## EXERCISE DATA
────────
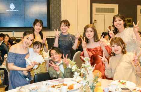 シャンデリア輝く会場でホームパーティーの様な優雅な時間を演出しました。大切な皆様が固くならず普段通りに楽しめるそんなパーティーにしたい。お二人の想いが叶った有意義な時間でした。ゲストの皆様は自由に会場を動き回り新郎新婦様を祝福。そして両家の皆様の仲も深まる空間となり心の底から笑顔が溢れておりました。
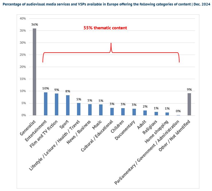 Over 50% of all audiovisual media services and VSPs in Europe have a thematic programming focus
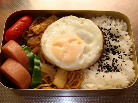 冷蔵庫内の残り物を駆使(?)した焼きそば弁当~。
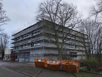 Hier schon mal ein großes Lob an Dietrich Maltz, das Architekturbüro Latz (Püttlingen) und an die beteiligten Firmen für ihr tolles Engagement aber auch ein ebenso großes Lob für die Geduld der Nachbarschaft, der Schülerinnen und Schüler und des Lehrerkollegiums in Bezug auf die Ausführung der Bauarbeiten...
────────
Images are to be skipped, and each line above is to be returned exactly.

 シャンデリア輝く会場でホームパーティーの様な優雅な時間を演出しました。大切な皆様が固くならず普段通りに楽しめるそんなパーティーにしたい。お二人の想いが叶った有意義な時間でした。ゲストの皆様は自由に会場を動き回り新郎新婦様を祝福。そして両家の皆様の仲も深まる空間となり心の底から笑顔が溢れておりました。
 Over 50% of all audiovisual media services and VSPs in Europe have a thematic programming focus
 冷蔵庫内の残り物を駆使(?)した焼きそば弁当~。
 Hier schon mal ein großes Lob an Dietrich Maltz, das Architekturbüro Latz (Püttlingen) und an die beteiligten Firmen für ihr tolles Engagement aber auch ein ebenso großes Lob für die Geduld der Nachbarschaft, der Schülerinnen und Schüler und des Lehrerkollegiums in Bezug auf die Ausführung der Bauarbeiten...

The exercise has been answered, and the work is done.